Russian journalist and suffragist (1875–1942)

Olga Akimovna Volkenstein (also spelled Volkenshteyn; Ольга Акимовна Волькенштейн; 27 February 1875 – March 1942) was a Russian journalist, suffragist and a leader of the women's rights movement in pre-revolutionary Russia.

== Early life ==
Volkenstein was born in Kishinev on 27 February 1875. Her father was military doctor Akim Filippovich Volkenstein, who was granted hereditary nobility in 1897, and her mother was Augusta Aronovna Volkestein. Her younger brother Fyodor, born in 1876, became a prominent lawyer.

== Career ==
Volkenstein worked as a journalist for the newspaper Russian Thought. She was a member of the Saint Petersburg Literary Society. She published under both her own name and various pseudonyms including: V.; V—n, O.; V—ъ, O.; Viktorova, O. I.; O. V.; Olgovich and W—n, O.

== Activism ==
Volkenstein was a left wing committee member of the Union for Women's Equality, which demanded equal political and voting rights for women. She hoped to mobilize female factory workers to the cause, was critical of the "well-to-do ladies" of the Union, and organised lecture tours to give talks on the early history of the women's movement.

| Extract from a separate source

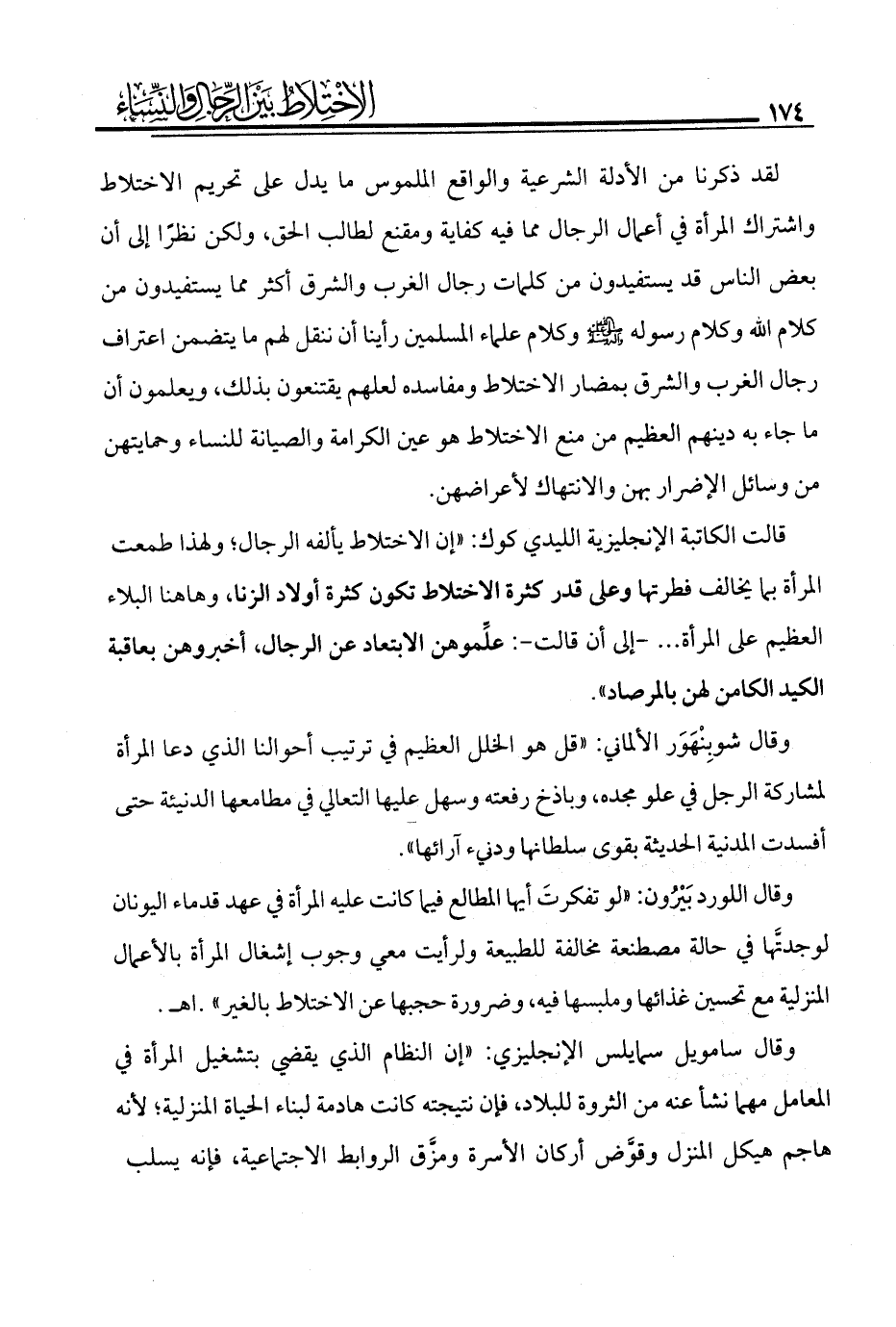 لقد ذكرنا من الأدلة الشرعية والواقع الملموس ما يدل على تحريم الاختلاط واشتراك المرأة في أعمال الرجال مما فيه كفاية ومقنع لطالب الحق، ولكن نظرًا إلى أن بعض الناس قد يستفيدون من كلمات رجال الغرب والشرق أكثر مما يستفيدون من كلام الله وكلام رسوله - صلى الله عليه وآله وسلم - وكلام علماء المسلمين رأينا أن ننقل لهم ما يتضمن اعتراف رجال الغرب والشرق بمضار الاختلاط ومفاسده لعلهم يقتنعون بذلك، ويعلمون أن ما جاء به دينهم العظيم من منع الاختلاط هو عين الكرامة والصيانة للنساء وحمايتهن من وسائل الإضرار بهن والانتهاك لأعراضهن.

She served as a delegate to the International Woman Suffrage Alliance (IWSA) Congress in Copenhagen in 1906, and organised the first All-Russian Women's Congress. The Union was succeeded by the League for Women's Equality. Volkenstein also became a member of the Social Revolutionary Party.

== Death ==
Volkenstein died in Leningrad, Soviet Union (USSR) in March 1942 and was buried at Piskarevsky Memorial Cemetery.